# Kadesma's obituary and guest book.



## Katie H

Ever since we learned of kadesma's death I've been looking for her obituary.  I found it here.  There's also a link to the funeral home to click on.

We'll now have an opportunity to sign her guest book.  In the space for my last name I put (DiscussCooking.com) next to my last name so her family would know that I am part of kadesma's Internet family.


----------



## Whiskadoodle

Thank you Katie.


----------



## Katie H

There's also an option to light a candle, if one so desires.


----------



## Dawgluver

Thanks, Katie.  I'd tried to find it too, may have been too soon.


----------



## gmpoggi

I think you have the correct link.  I am pasting it here as well.  There is a guest book for the Modesto Bee as well.  It is to the right of her photos.
Carole Toso Obituary: View Carole Toso's Obituary by Modesto Bee
 We are having a celebration of her life on Monday.  We will post photos of the event on the guest book that is next to her pictures if you want to see them.  Give us some time though.  I can't promise it will be done on Monday.  
 Thank you again for the flowers and outpouring of love for my mother.
 Gina


----------



## jennyema

Holy ****!!!  Really ??

I didn't realize the reposting of her recipes recently were because she had passed.

So sad .  She was delightful.


----------



## Kayelle

Katie, I wonder if it's possible to post this link to her guest book?

http://www.discusscooking.com/forums/f29/we-must-say-farewell-to-one-of-our-own-88077.html


----------



## Katie H

I don't know, Kayelle.  Perhaps someone with more computer savvy could help.


----------



## CatPat

I saw this. I am very sad.
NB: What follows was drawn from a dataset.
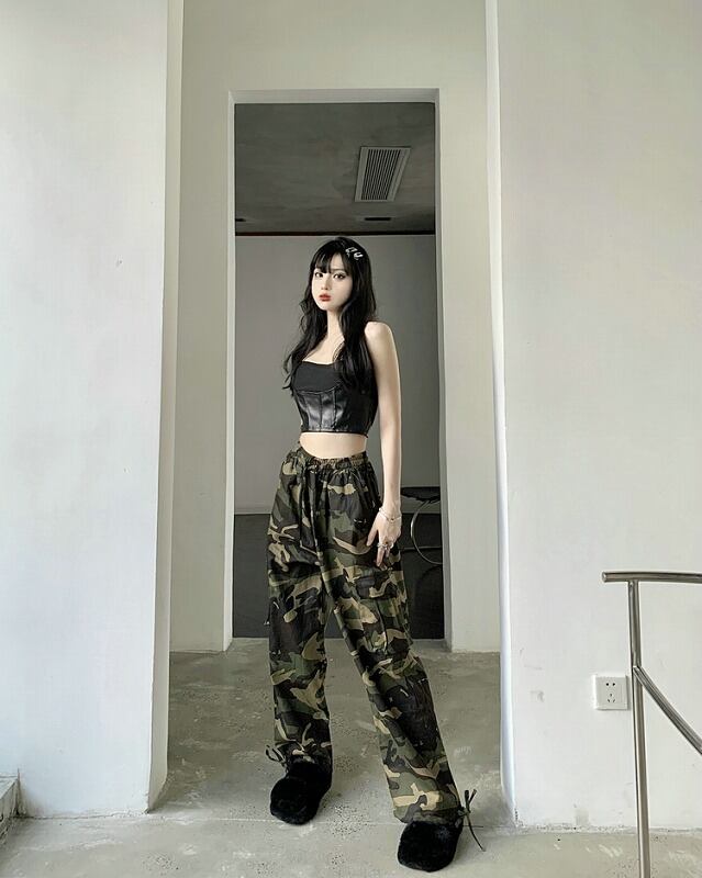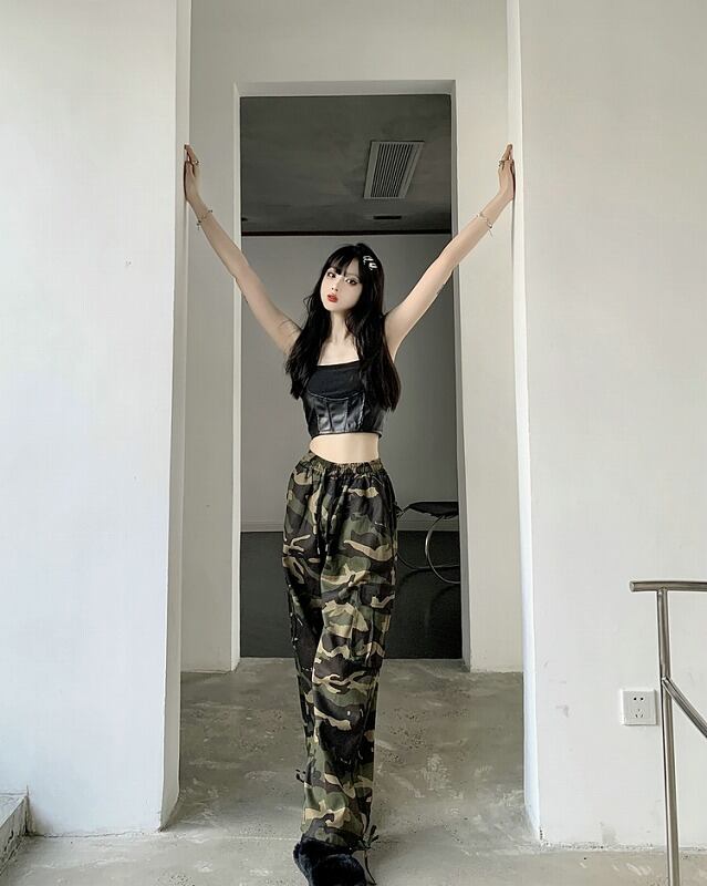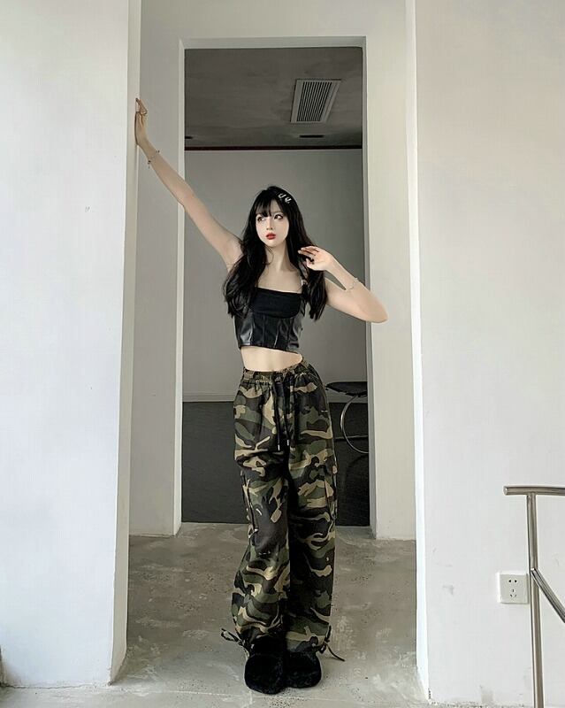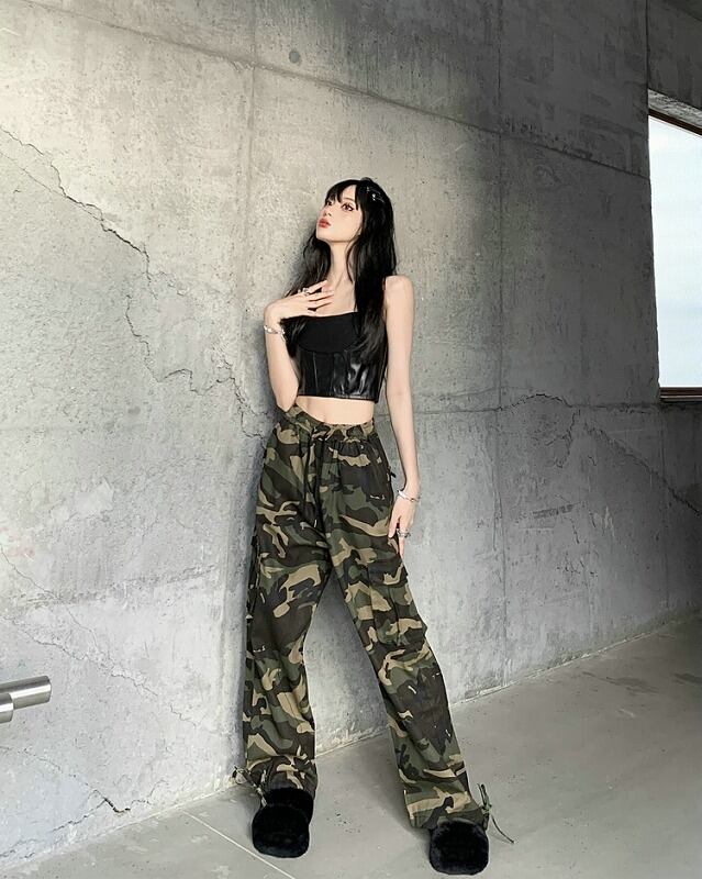パンツ 切り替え バイカラー 体型カバー 着痩せ 迷彩 ミリタリー カジュアル
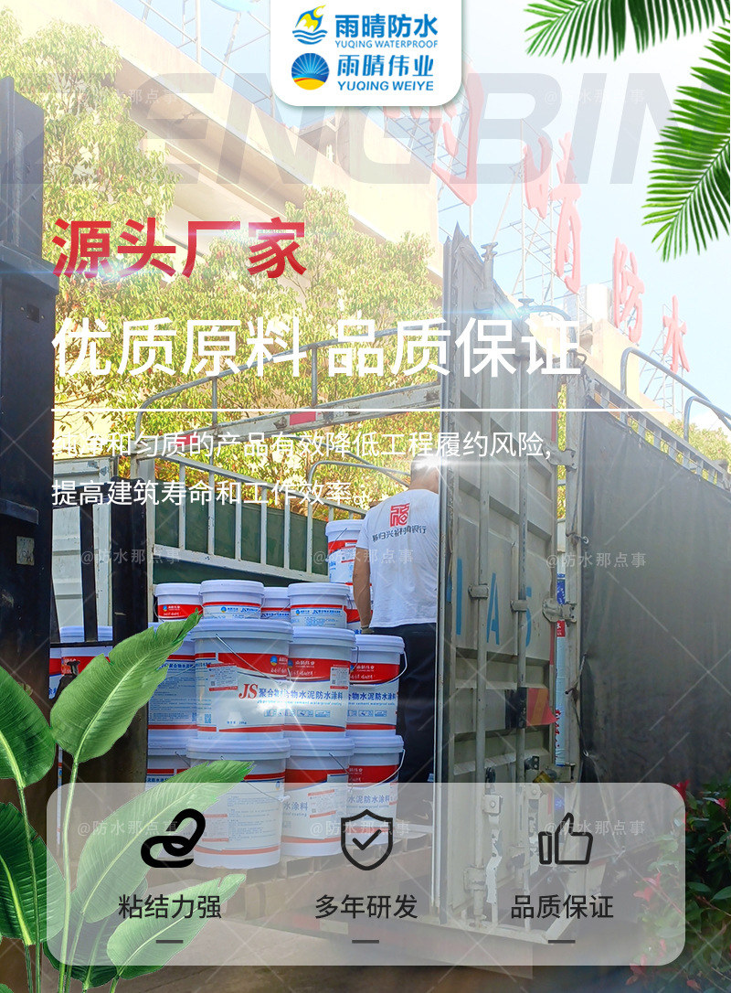 荆门钟祥水泥基渗透结晶型防水涂料销售厂家生产销售水泥基渗透结晶涂料、高粘抗滑水性橡胶沥青防水涂料、丁基橡胶冷自粘防水卷材、双组分喷涂速凝沥青道桥防水涂料、环氧沥青防腐涂料、强力交叉膜自粘防水卷材、道路抗裂贴自粘卷材、K11聚合物水泥基渗透结晶添加剂、高粘抗滑橡胶沥青防水涂料等多种规格水泥基渗透结晶涂料 。荆门钟祥水泥基渗透结晶型防水涂料销售厂家的诚信、实力和产品质量获得业界的认可 拥有完整、科学的质量管理体系。雨晴伟业集研发-生产-销售一站式服务于大众 .JS聚合物防水修补堵漏剂、K11聚合物水泥基防水涂料、JS聚合物防水增效剂涂料、K11聚合物防水修补堵漏剂、JS聚合物水泥基渗透结晶浓缩剂、K11聚合物防水剂涂料、JS聚合物防水剂涂料、K11防水涂料常规型号备有大量 欢迎广大新老客户来厂参观指导和业务洽谈。

Rest well, kadesma.

With love,
~Cat


----------



## tropical cooker

I posted your link to the guest book.  I don't know if the censors reviewing the entiries will let it through.  We'll see.


----------



## Katie H

tropical cooker said:


> I posted your link to the guest book.  I don't know if the censors reviewing the entiries will let it through.  We'll see.




Hooray!  The censors allowed the link.  Thank you.


----------



## middie

She passed???? What happened???? Oh my gosh I'm so sad


----------



## msmofet

Rest in peace Ma.


----------



## Chief Longwind Of The North

Thanks Katie.

Seeeeeya; Chief Longwind of the North


----------